I can calculate the torque without problem, by doing the cross product of the force vector and the offset vector, the offset being the difference between the point on which the force is applied and the centre of mass for the object. Fine. But I need to translate that into rotational velocity, or rather change in rotational velocity.

The object has a known mass and the rotation must be calculated in global Euler angles (as in it doesn't matter how the object is rotated or what its current angular velocity is). How do I do this? I tried projecting the force vector onto the cross product between the offset vector and the torque, but that didn't work. I've been searching the 'net, but for some reason the answer to this question is pretty darn hard to find.
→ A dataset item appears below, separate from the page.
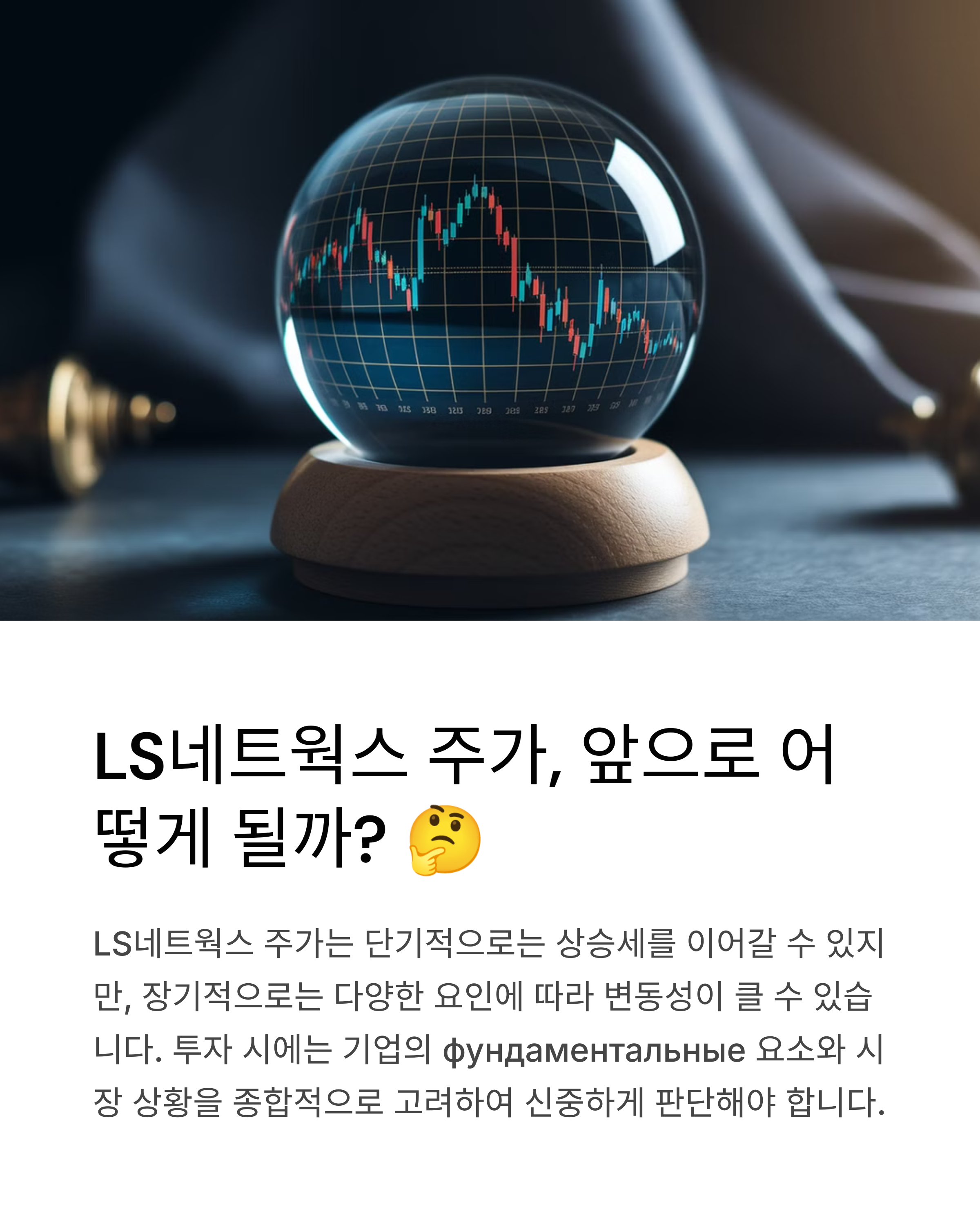 따라서 LS네트웍스 주가는 단기적으로는 상승세를 이어갈 수 있지만, 장기적으로는 다양한 요인에 따라 변동성이 클 수 있습니다. 투자 시에는 기업의 фундаментальные 요소와 시장 상황을 종합적으로 고려하여 신중하게 판단해야 합니다.

Thanks in advance for any help.

Hi Hnefi and welcome to PF,

Am I missing something here, or isn't this just a simple application of,

\sum_i \boldmath{F}_i\times\boldmath{r}_i = \mathbb{I}_G\frac{d}{dt}\boldmath{\omega}

 

[Hnefi]

Ack, you're right. I overengineered the problem. Simply applying the torque directly did the trick. Thanks for your help.

 

[D H]

Hi Hnefi and welcome to PF,

Am I missing something here, or isn't this just a simple application of,

\sum_i \boldmath{F}_i\times\boldmath{r}_i = \mathbb{I}_G\frac{d}{dt}\boldmath{\omega}

Not quite that simple. In inertial coordinates, the correct expression is

\sum_i \mathbf{F}_i\times\mathbf{r}_i<br /> = \frac{d\mathbf L_I}{dt}<br /> = \frac{d}{dt}\left({\mathbb{I}}_I\,\mathbf{\omega}_I\right)
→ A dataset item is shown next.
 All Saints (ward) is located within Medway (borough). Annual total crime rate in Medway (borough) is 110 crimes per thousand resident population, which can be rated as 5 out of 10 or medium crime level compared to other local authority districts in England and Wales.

where the subscript I on the angular momentum \mathbf L, inertia tensor \mathbb{I} and angular velocity \boldmath{\omega} indicate that the quantities in question are to be expressed in terms of a non-rotating (i.e. inertial) frame. The problem is that the inertia tensor for a rigid body as observed from an inertial frame is not constant. The inertia tensor for a rigid body is constant in a body-fixed frame. It is much more convenient to do the calculations in the body-fixed (i.e., rotating) frame. However, this means that one must introduce a fictitious torque.

The transport theorem relates the time derivative of some vector quantity \mathbf q from the perspective of an inertial observer and a body-fixed observer:

\frac{d \mathbf q}{dt_I} = \frac{d \mathbf q}{dt_B} + \mathbf{\omega} \times \mathbf q

With \mathbf q = \mathbf L, this becomes

\frac{d \mathbf L}{dt_I} = \mathbb{I} \frac{d \mathbf{\omega}}{dt_B} + \mathbf{\omega} \times (\mathbb{I} \,\mathbf{\omega})
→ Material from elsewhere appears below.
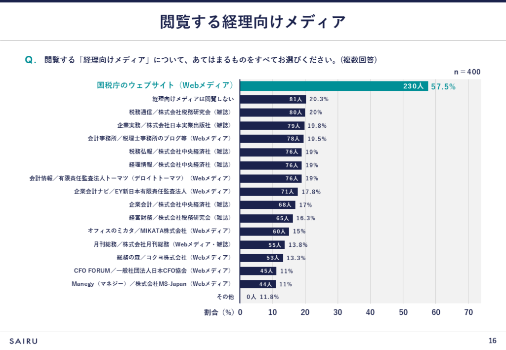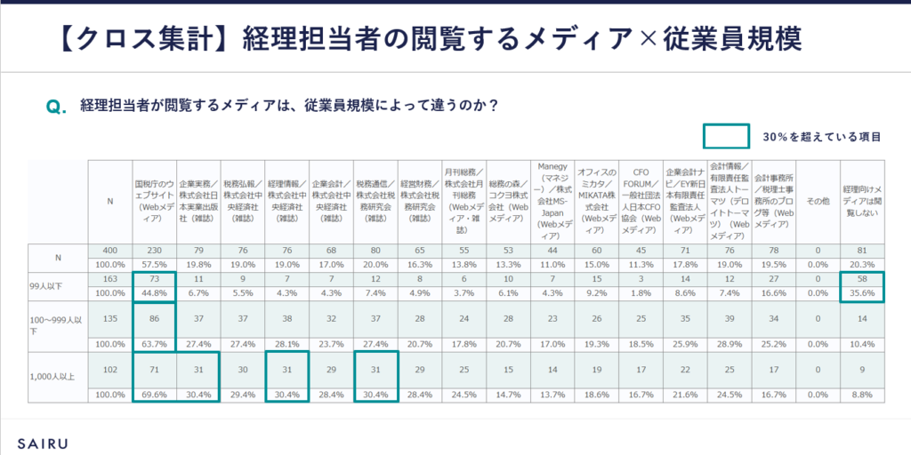 一方、100~999人以下、1,000人以上では、メディアの閲覧傾向が高いです。「国税庁のウェブサイト(Webメディア)」はもちろんのこと、とくに雑誌系メディアの閲覧傾向が高いことがうかがえます。経理担当者へのインタビューによると、雑誌系メディアの定期購読を企業単位で行っているケースも多く、そこで情報収集をすることが多いと想定されます。

Combining with the first equation,

\frac{d \mathbf \omega_B}{dt}<br /> = \mathbb{I}_B^{\;-1}\left(\sum_i \mathbf{F}_{i_B}\times \mathbf{r}_{i_B} - \mathbf{\omega}_B \times (\mathbb{I}_B\, \mathbf{\omega}_B)\right)

Here the subscripts B denote that the quantities in question, including external forces, are to be expressed in body-fixed coordinates.

 

[Hootenanny]

I stand corrected DH. In all honesty I thought the OP mentioned body angles, but I see that I was mistaken.

I doff my cap to you sir, nice post!